─── Data section
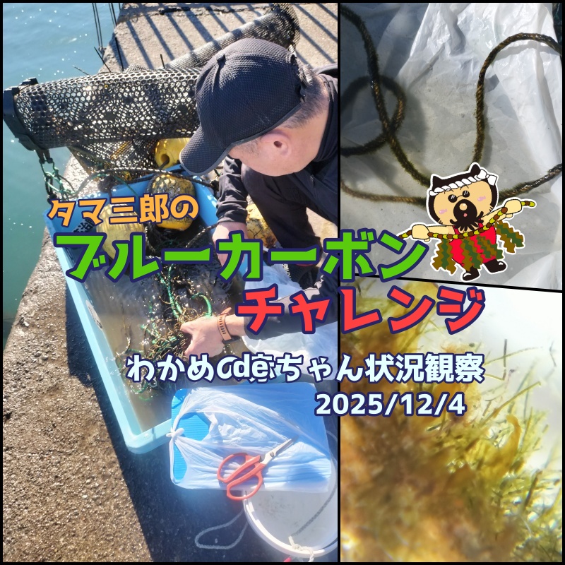 タマ三郎のブルーカーボンチャレンジ。ワカメの苗づくり。成長具合はどうかな?
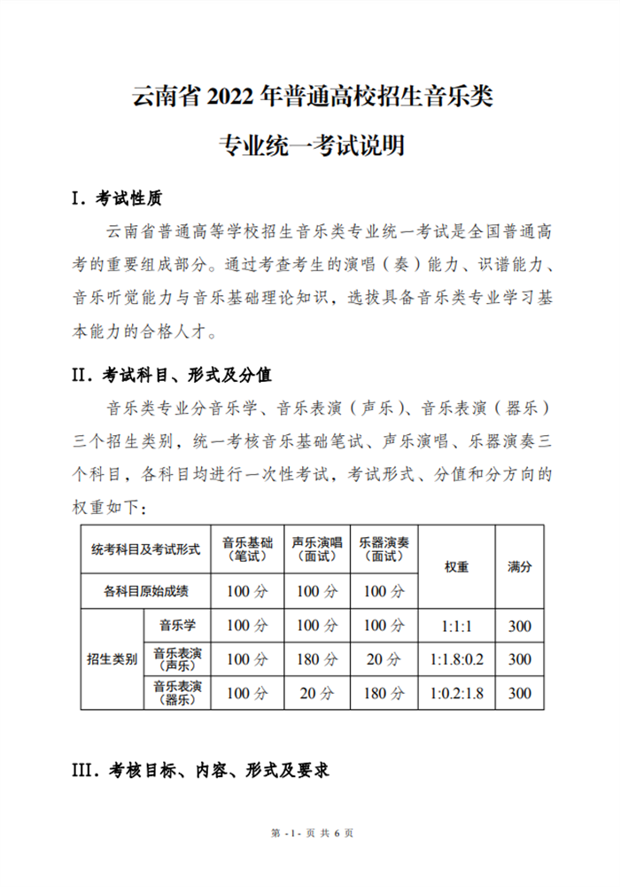 文章来源:云南省招生考试院 云南省2022年普通高校招生音乐类专业统一考试说明
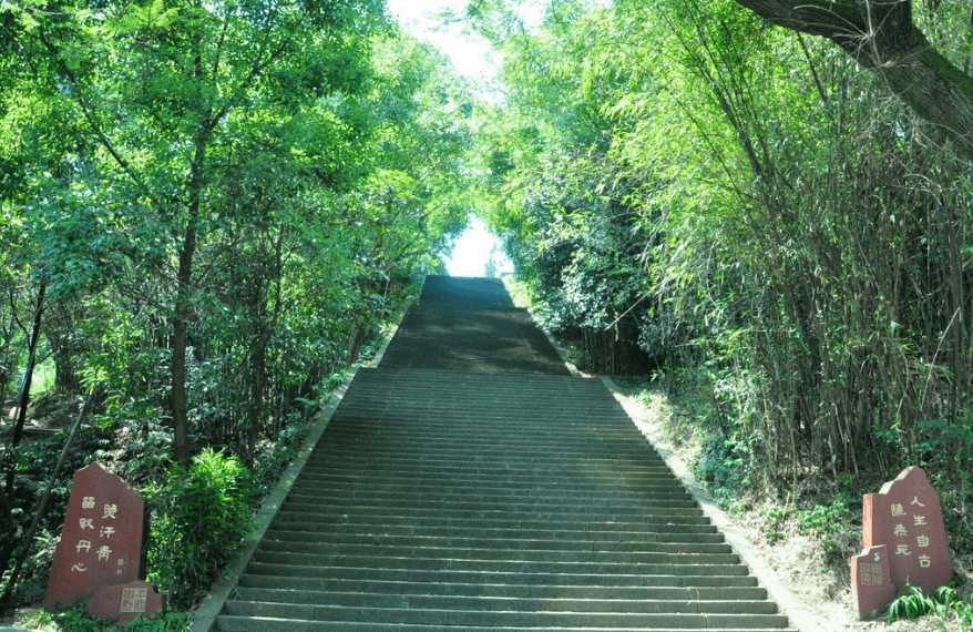 原来那上山的健身梯步,已修葺一新,两旁依然是林木森森,在阳光的照射下一动不动地发着金光,我不知道,它们是否还认得出来30年前曾路过的那个追风少年。我们后脚跟前脚,拾级而上,陡峭的石板路,让我们走起来有些气喘,再也没有当年那一鼓作气的气概,正如身旁如动兔的少年。
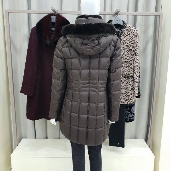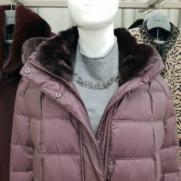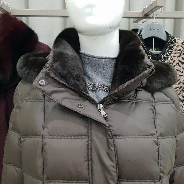 후드와 네크라인에 렉스퍼가 트리밍되어 고급스러움을더해준 구스다운점퍼
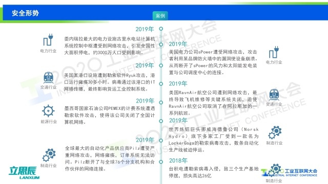 點擊鏈接,觀看演講視頻 專家說 “目前,以預防風險為核心的工業控制信息安全管理已成為業界共識。立思辰認為工業控制安全需要從“可知”“可管”兩方面入手。一方面企業需要“可知”:對工控資產可知,以確定工控安全防護范圍。對工控通訊過程可知,以確定可信運行環境。另一方面,企業需要“可管”:對工業協議可管,避免協議漏洞或異常協議訪問;對操作過程可管,對非法操作及可疑操作告警;對審計記錄可管,當事件發生后可追溯歷史。這樣才能更好的實現安全管控,提升經濟穩定運營能力,實現行業高質量發展。” 以下是演講PPT 敬請閱讀
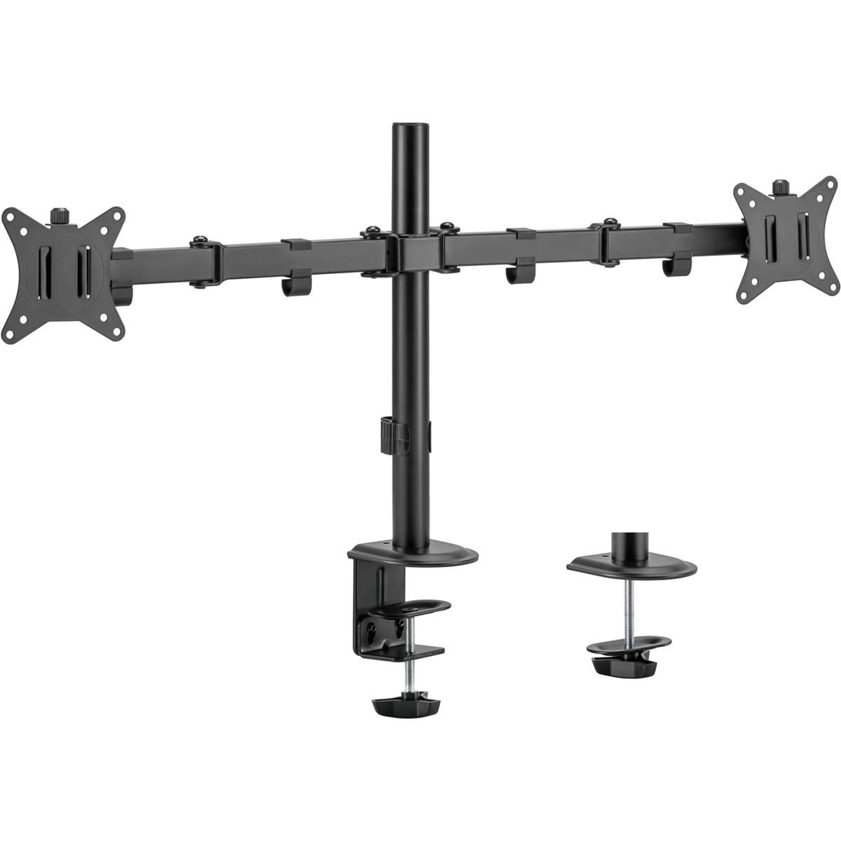 Завдяки міцній сталевій конструкції HS082406 забезпечує стійку підтримку двох моніторів із діагоналлю від 17 до 32 дюймів вагою до 9 кг на кронштейн. Гнучка конструкція для широкого регулювання і кутів огляду, регульована для портретної або альбомної орієнтації. Для встановлення на будь-якій робочій поверхні передбачено кріплення у вигляді втулок і затискачів. Знімна пластина VESA для зручного встановлення. Кабельні затискачі в комплекті для організованого та вільного від безладу робочого місця.
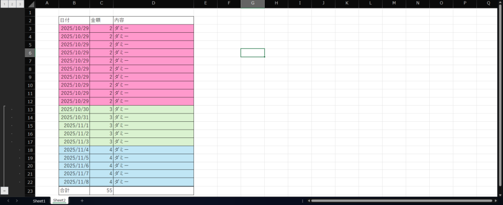 Excelのグループ化機能を使って、連続したデータを段階的に表示する方法はどうすればよいのか。 少しつまずくことがありましたので自分への備忘記録として記事に残しておこうと思います。 Excelのグループ化で連続したデータを段階的に表示するイメージ 今... -
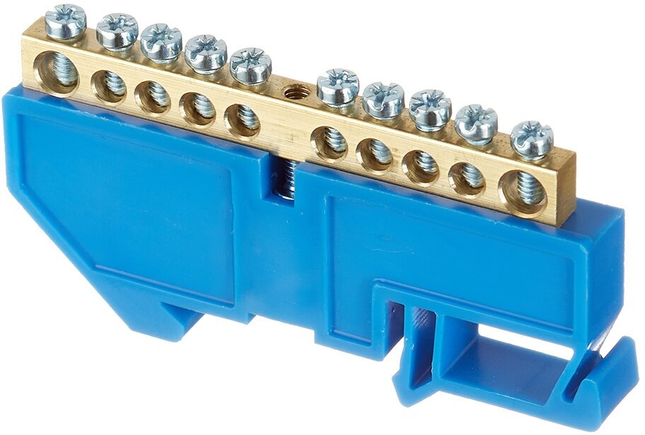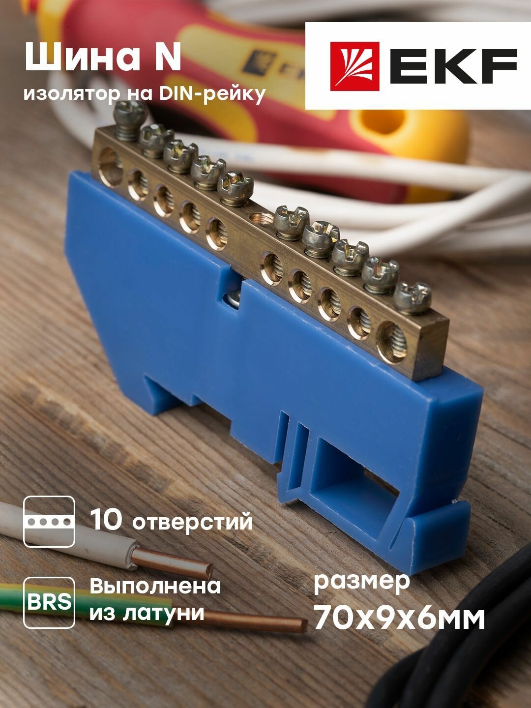 Купить Шина нулевая "0" N (6х9мм) 10 отверстий латунь синий изолятор на DIN-рейку розничный стикер EKF PROxima - 1 шт
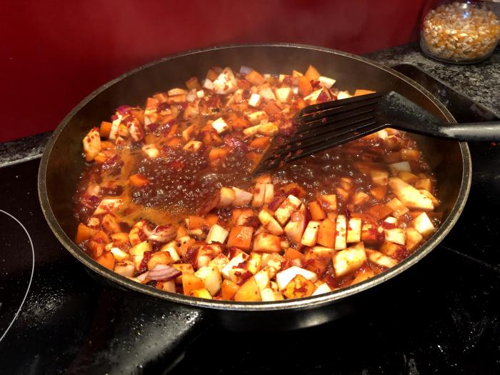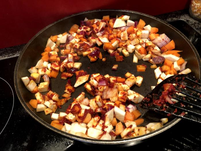 Gemüse beigeben und ebenfalls etwas drei Minuten unter Rührer mit dem Tomatenmark vermischen.
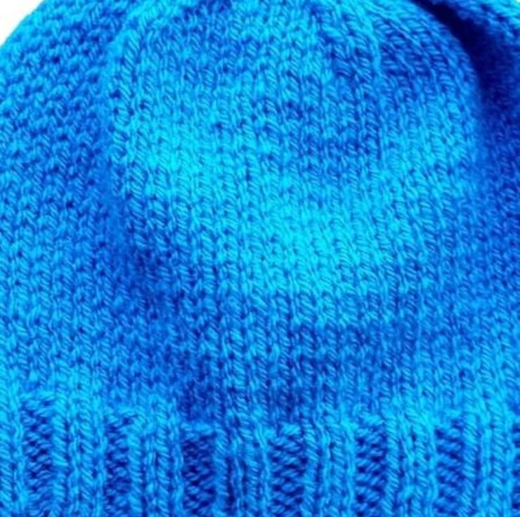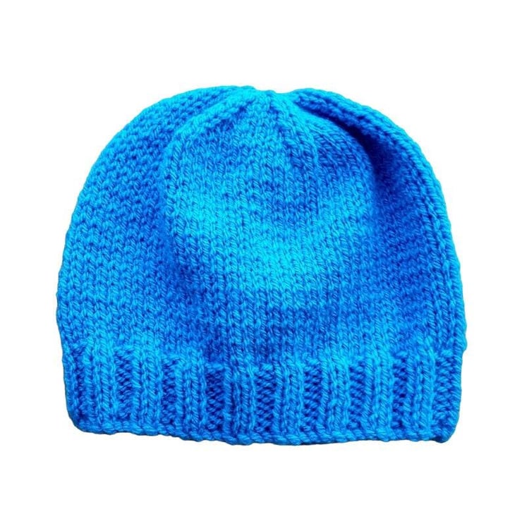 Perfect for newborns up to 3 months old, this Blue hand knitted hat has a circumference of approximately 14 inches (35 cm) for a secure and comfortable fit. When laid flat, it measures 6 inches (15.25 cm) across the bottom and 6 inches (15.25 cm) from crown to bottom.
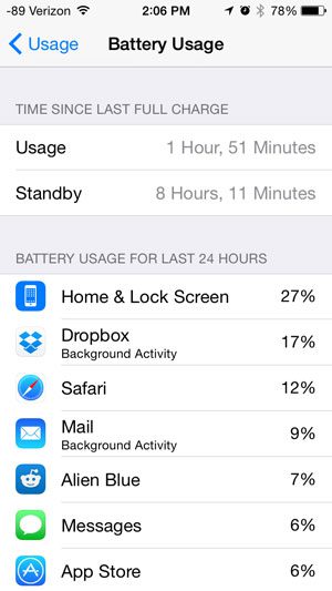 Τώρα μπορείτε να δείτε ποιες εφαρμογές χρησιμοποιούν την μεγαλύτερη διάρκεια ζωής της μπαταρίας στο iPhone σας 5 (για παράδειγμα, η οθόνη σας θα μπορούσε να χρησιμοποιεί πολλά αν έχετε επιλέξει να κρατήσετε την οθόνη iPhone μέχρι να το κλειδώσετε με το χέρι), επιτρέποντάς σας να δείτε αν υπάρχει κάτι που πραγματικά χύνει την μπαταρία και θα πρέπει να διαγραφεί ή εάν ξοδεύετε περισσότερο χρόνο και να καλέσετε ότι είχατε σκεφτεί προηγουμένως.
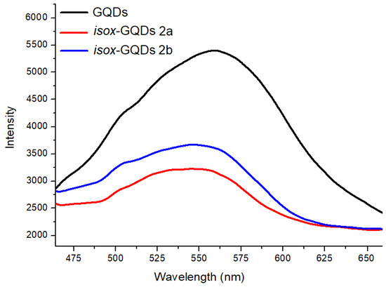The surface modification of GQDs was also investigated by comparing the PL properties of the starting nanomaterials with those of the corresponding cycloadducts in deionized water at the excitation wavelength of 360 nm (Figure 5). The PL λmax of GQDs, isox-GQDs 2a and isox-GQDs 2b were about 560, 545, and 550 nm, respectively. These blue-shifted emissions can prove that organic moieties are covalently bound with GQDs, as also reported for similar systems [48].
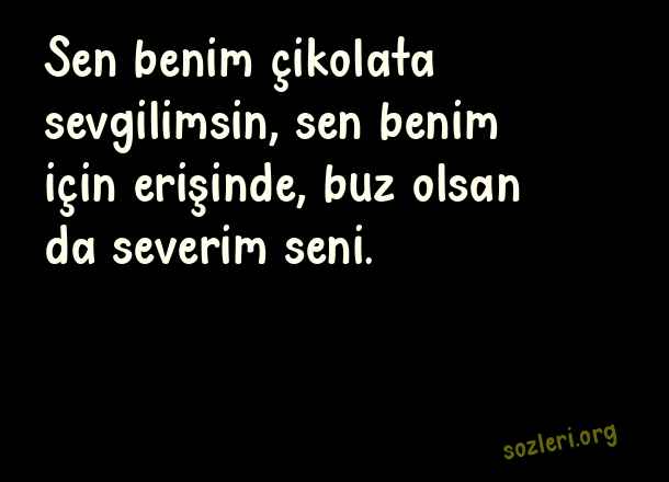Sen benim çikolata sevgilimsin, sen benim için erişinde, buz olsan da severim seni. ( Esmerlere Sözler )
──────
Aim of the task —
Reprint all the data above verbatim, excluding pictures.

Written reply —
 タマ三郎のブルーカーボンチャレンジ。ワカメの苗づくり。成長具合はどうかな?
 文章来源:云南省招生考试院 云南省2022年普通高校招生音乐类专业统一考试说明
 原来那上山的健身梯步,已修葺一新,两旁依然是林木森森,在阳光的照射下一动不动地发着金光,我不知道,它们是否还认得出来30年前曾路过的那个追风少年。我们后脚跟前脚,拾级而上,陡峭的石板路,让我们走起来有些气喘,再也没有当年那一鼓作气的气概,正如身旁如动兔的少年。
 후드와 네크라인에 렉스퍼가 트리밍되어 고급스러움을더해준 구스다운점퍼
 點擊鏈接,觀看演講視頻 專家說 “目前,以預防風險為核心的工業控制信息安全管理已成為業界共識。立思辰認為工業控制安全需要從“可知”“可管”兩方面入手。一方面企業需要“可知”:對工控資產可知,以確定工控安全防護范圍。對工控通訊過程可知,以確定可信運行環境。另一方面,企業需要“可管”:對工業協議可管,避免協議漏洞或異常協議訪問;對操作過程可管,對非法操作及可疑操作告警;對審計記錄可管,當事件發生后可追溯歷史。這樣才能更好的實現安全管控,提升經濟穩定運營能力,實現行業高質量發展。” 以下是演講PPT 敬請閱讀
 Завдяки міцній сталевій конструкції HS082406 забезпечує стійку підтримку двох моніторів із діагоналлю від 17 до 32 дюймів вагою до 9 кг на кронштейн. Гнучка конструкція для широкого регулювання і кутів огляду, регульована для портретної або альбомної орієнтації. Для встановлення на будь-якій робочій поверхні передбачено кріплення у вигляді втулок і затискачів. Знімна пластина VESA для зручного встановлення. Кабельні затискачі в комплекті для організованого та вільного від безладу робочого місця.
 Excelのグループ化機能を使って、連続したデータを段階的に表示する方法はどうすればよいのか。 少しつまずくことがありましたので自分への備忘記録として記事に残しておこうと思います。 Excelのグループ化で連続したデータを段階的に表示するイメージ 今... -
 Купить Шина нулевая "0" N (6х9мм) 10 отверстий латунь синий изолятор на DIN-рейку розничный стикер EKF PROxima - 1 шт
 Gemüse beigeben und ebenfalls etwas drei Minuten unter Rührer mit dem Tomatenmark vermischen.
 Perfect for newborns up to 3 months old, this Blue hand knitted hat has a circumference of approximately 14 inches (35 cm) for a secure and comfortable fit. When laid flat, it measures 6 inches (15.25 cm) across the bottom and 6 inches (15.25 cm) from crown to bottom.
 Τώρα μπορείτε να δείτε ποιες εφαρμογές χρησιμοποιούν την μεγαλύτερη διάρκεια ζωής της μπαταρίας στο iPhone σας 5 (για παράδειγμα, η οθόνη σας θα μπορούσε να χρησιμοποιεί πολλά αν έχετε επιλέξει να κρατήσετε την οθόνη iPhone μέχρι να το κλειδώσετε με το χέρι), επιτρέποντάς σας να δείτε αν υπάρχει κάτι που πραγματικά χύνει την μπαταρία και θα πρέπει να διαγραφεί ή εάν ξοδεύετε περισσότερο χρόνο και να καλέσετε ότι είχατε σκεφτεί προηγουμένως.
The surface modification of GQDs was also investigated by comparing the PL properties of the starting nanomaterials with those of the corresponding cycloadducts in deionized water at the excitation wavelength of 360 nm (Figure 5). The PL λmax of GQDs, isox-GQDs 2a and isox-GQDs 2b were about 560, 545, and 550 nm, respectively. These blue-shifted emissions can prove that organic moieties are covalently bound with GQDs, as also reported for similar systems [48].
Sen benim çikolata sevgilimsin, sen benim için erişinde, buz olsan da severim seni. ( Esmerlere Sözler )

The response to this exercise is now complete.